The Schneller Case exhibition includes the work of several artists who responded in different ways to the now-abandoned building. I would be hard-pressed to say which of them moved me more.
Shlomo Serry took a series of photographs between 2014 and 2016 documenting traces — whimsical wall-paintings and verses of poetry — of its use by soldiers and some of Jerusalem’s homeless.

Joshua Borkovsky painted a Mondrian-like series of panels inspired by patterns in the floors of the Schneller Compound’s Home for Girls.

Ktura Manor and Rotem Manor produced a video of themselves uncovering and partly restoring a mural of Agnus Dei, the Lamb of God, in the Compound’s chapel. They then made a copy of the wall painting for the exhibition. The video and the copy will be the only surviving remnants of the restored mural and the project. Whatever lays in store for the chapel is unlikely to incorporate a 19th century Christian symbol.

Pesi Girsch created surrealistic photographs of abandoned rooms, and documented their journeys, as here below from chapel to basketball court.

Zvi Tolkovsky, whose personal connections to the compound include military reserve duty, and whose early paintings featured its clock tower, created evocative works from ‘treasure’ he found in the junk heaps and graffiti traces during visits to the building in 2015.

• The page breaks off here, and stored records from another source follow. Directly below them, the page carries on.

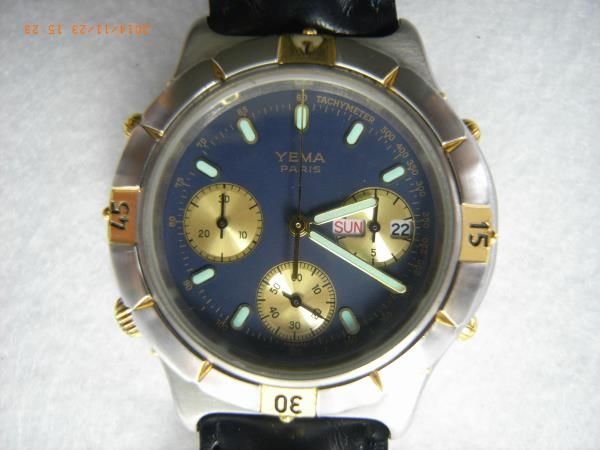 RETAIL VALUE $ 500.00 if available, rare! If you are looking for a high quality watch that is a true statement piece, this is the watch for you. Yema features movements by the Seiko. This quartz timepiece is known for quality workmanship, accurate timekeeping, and modern style! Water resistant to 50 meters, with lots of features! If you want a reliable watch for everyday, you can’t go wrong! Black leather band, 39 MM x 11MM with many working functions. There is no box or paperwork accompany the watch. This is an estate piece, probably from 2010-2012. It does show slight signs of wear typical of a gently used watch. No tears, discoloration, or defect in the leather band. No scratches on the crystal and dial features large Roman numerical. Must have for the watch collection. I say 'apparently', because if you google (any part) of the description, you can see where he copied it from (almost verbatim): http://www.buggysgoneshopping.com/Pages/Watches.aspx Remember Buggy's Yema N81W53 ? | |
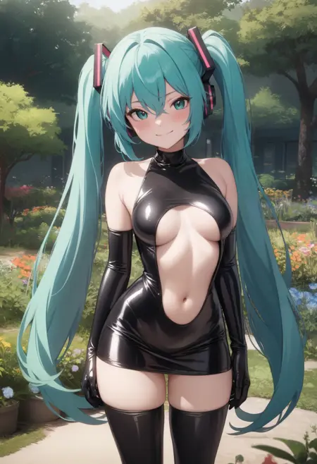 As you can see in examples, with some prompting magic it can do more than that. E.g. latex skirt can consistently turn it from leotard into a dress, latex bodysuit might turn it into a full bodysuit with cutout, pelvic curtain is also interesting modification. It can also be easily colored with <color> latex princess.
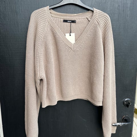 Bik Bok Genser i størrelse M for kvinner. Genseren er hvit og har en ribbestrikket tekstur med krage og knappestolpe.

Karine Shabtai exhibited her cell-phone shot of the mechanism from the tower’s clock. Soon after that, the tower was looted and the mechanism stolen, probably for scrap metal.

Einat Amir made kaleidoscopic images from photographs of the stained glass windows.
Perhaps most evocatively, for me, Tal Amitai-Tabib combined recent photos of the abandoned buildings with figures cut and pasted from original photographs of the Syrian Orphanage from the Yad Ben-Tzvi archives. It’s hard to articulate the deeply unsettling feeling these images produce — something like seeing ghosts.

But why did The Schneller Case exhibition bring to my mind the notion of Jerusalem as a woman? I imagine the particular sense of destruction and loss it evoked reminded me of the lonely widow, formerly a princess, of Lamentations. But more importantly, it suggested a model that helped explain — though not justify — the huge psychological challenges involved in preserving this city’s complex archaeological and architectural history.
Now, once again, we are Jerusalem’s favoured lovers. Our tributes, our edifices and monuments, are the ones most prominent in the exhibit we ourselves are curating. What enormous self-confidence, what extreme self-discipline, what massive strength of character it takes to remember, preserve, display and even maintain pride of place for the tributes of our rivals, some of which, it must be said, are far more beautiful than anything we have yet been able to offer to this city, this woman, we all love.